Tentara Tampanku

Tentara Tampanku
CUMA 2 MINGGU!


__ADS_3

Usia kandungan Rea saat ini sudah memasuki 7 bulan dan saat ini Rea masih belum cuti, "Re, lo lama banget dah cutinya," ucap Nina.


"Lo kenapa sih kayaknya selalu tanya gitu? jangan bilang kalau lo udah bosen ya lihat gue?" tanya Rea.


"Astaga gak gitulah Re, gue itu cuma khawatir aja nanti kalau lo tiba-tiba brojol di sini gimana?" tanya Nina.


"Ini masih 7 bulan kali lagian kan ada dokter Karin," ucap Rea.

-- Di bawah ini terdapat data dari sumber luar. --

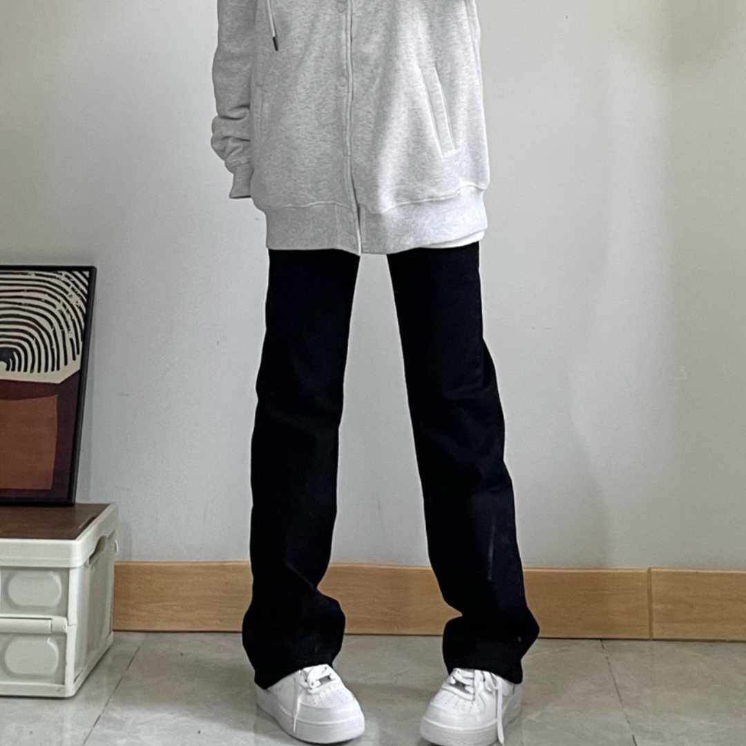 救命!这条黑牛仔裤真的绝到飞起💥 高腰+微喇设计,把腿型修饰得笔直修长,像开了自动拉腿特效🦵 面料软乎乎又有筋骨,日常穿完全不勒,舒适度直接拉满✨ 搭配简单的白T就很炸,清爽又街头,走在路上感觉自己是酷盖本盖😎 不管是配运动鞋、板鞋还是小皮鞋,都能搭出不同风格,一裤解锁N种穿搭,谁穿谁爱上,妥妥的衣柜刚需神裤👖
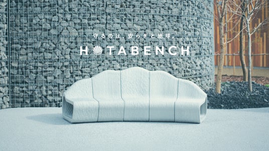 HOTABENCH(ホタベンチ)は、ホタテの廃棄貝殻から生まれたサステナブルなベンチです。約1,000枚もの廃棄貝殻をリサイクルするだけでなく、3DプリントによってCO2削減にも貢献。これまで廃棄されてきたホタテの貝殻に新しい命を吹き込みます。

"Iya juga sih ya, tapi kalau lo kecapean gimana? bisa-bisa gue yang kena semprot kapten Alan," ucap Nina.


"Yaudah, lo semprot balik aja kalau gitu," ucap Rea.


"Gak beranilah gue," ucap Nina.


"Btw, Qilla belum dateng ya?" tanya Rea.


"Dia tadi udah berangkat kok sama sersan Ryan," ucap Nina.


"Gue gak nyangka deh ternyata Qilla jodohnya sama sersan Ryan," ucap Rea.


"Sama gue juga gak nyangka bahkan nih ya gue kira sersan Ryan itu cuma bercanda waktu ngajak Qilla nikah eh tau-taunya ternyata beneran jadi dong," ucap Nina.


"Mereka udah seminggu lamarannya kan?" tanya Rea dan diangguki Nina.


"Terus sersan Ryan udah tahu dimana papanya Qilla belum?" tanya Rea.


"Belum, Qilla udah tanya ke sersan Ryan, tapi katanya dia gak tahu dimana papanya, tapi sersan Ryan tetep nyari papanya Qilla," ucap Nina.


"Semoga sersan Ryan cepet ketemu sama papanya Qilla ya," ucap Rea.


"Amin."


Beberapa saat kemudian, Qilla pun datang dan duduk di kursinya, "Kenapa tuh muka?" tanya Nina, saya melihat Qilla masuk dengan wajah cemberutnya.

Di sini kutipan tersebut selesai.